Méthode de Gasquet - Approche posturo-respiratoire 

ガスケ・メソッド
姿勢と呼吸からのアプローチ

生理的機能を尊重したグローバルなメソッド

 フランスで女性のペリネ(骨盤底筋)領域のパイオニアとして、ド・ガスケ医師は身体にグローバルに働きかける「姿勢と呼吸からのガスケアプローチ(Approche Posturo-Respiratoire B.de Gasquet)」を考案し1993年の医学論文で発表しました。
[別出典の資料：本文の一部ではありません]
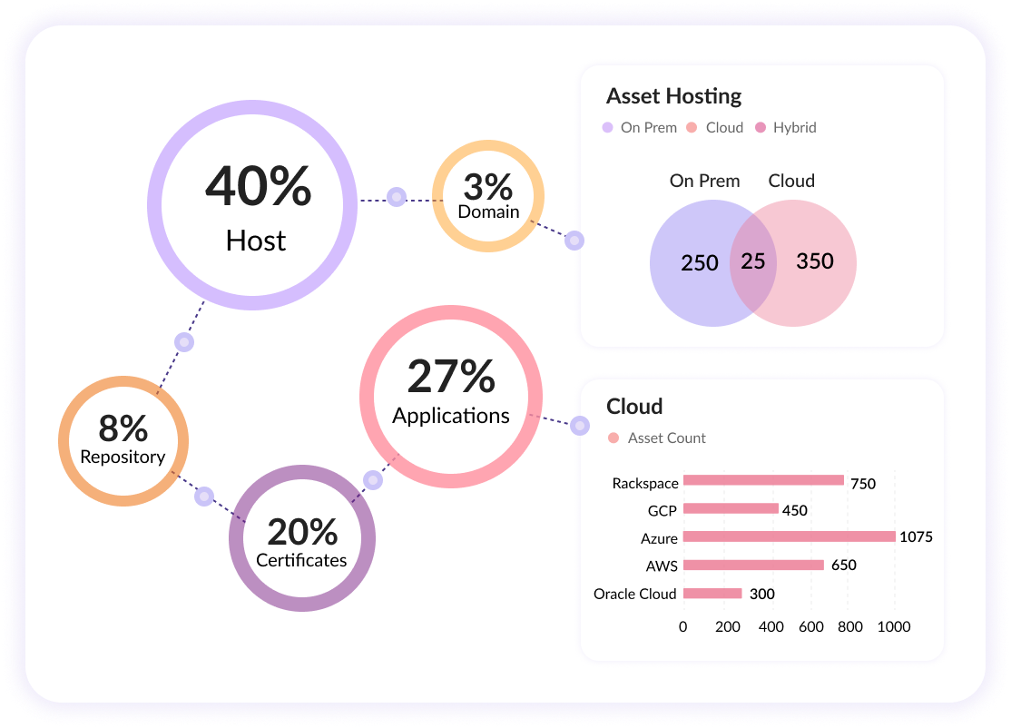 Discover all your assets: internal, external, cloud, containers, APIs, SaaS, and applications (web and mobile). Gain visibility into your organization's known and unknown assets. Securin's platform continuously tracks changing assets and provides in-depth visibility into your attack surface.

過去40年、ド・ガスケ医師は、腹圧性尿失禁や臓器脱といった骨盤底機能不全、腰痛、椎間板ヘルニアなどの一因となっているのが、「重力」や日常生活での「不適切な腹圧管理」であると主張し続けてきました。そうした、医学の世界でも見落とされがちで尚且つ目に見えない敵と闘うためには、ペリネ(骨盤底筋)を収縮させて強化するだけでは不十分なのです。ガスケ・メソッドでは背骨を最大限に伸ばし、呼吸を手がかりに正しく的確な姿勢に整えていくことを基本原則とし、姿勢と呼吸からグローバルに身体に働きかけます。自らの身体を動かして座位や四つんばいや蹲踞位といったあらゆる体位で姿勢の整え方やエクササイズを体験することで、ガスケ・メソッドが単なるペリネの保護法ではなく、重力に負けないための身体訓練そのものであるということがわかります。

周産期とペリネ

 フランス国内では、現在までに全国の約80%の産科施設でガスケ・メソッドに基づく出産準備法の研修会が実施されました。産科実践に革命を起こすためには膨大なエネルギーが必要です。マタニティーヨガをフランスで初めて指導したのも、生理的分娩の重要性を説き、分娩の際にバランスボールに座ってリラックスしたり出産のための姿勢を模索したりすることを推奨したのもド・ガスケ医師その人です。彼女のことを「マダム・ペリネ」と呼ぶ人もいますが、それはフランスで最初に「ペリネ(骨盤底筋)」の重要性を訴えた専門家の一人だからに他なりません。ペリネは、妊娠、出産、産後に限らず、一生を通じて保護されるべき重要なパーツなのです。ペリネ領域のパイオニアとして、ド・ガスケ医師は様々な提言をしてきました。例えば、臓器脱の予防のために分娩直後の分娩台上で呼吸を使ったエクササイズを推奨したり、日本や中国、ボリビアやマグレブ諸国などで実践されてきた伝統的な骨盤帯を紹介したり、女性の一生を左右する産褥早期のケアについて助産師教育を行ったりと、40年間、ペリネを保護するために闘い続けてきました。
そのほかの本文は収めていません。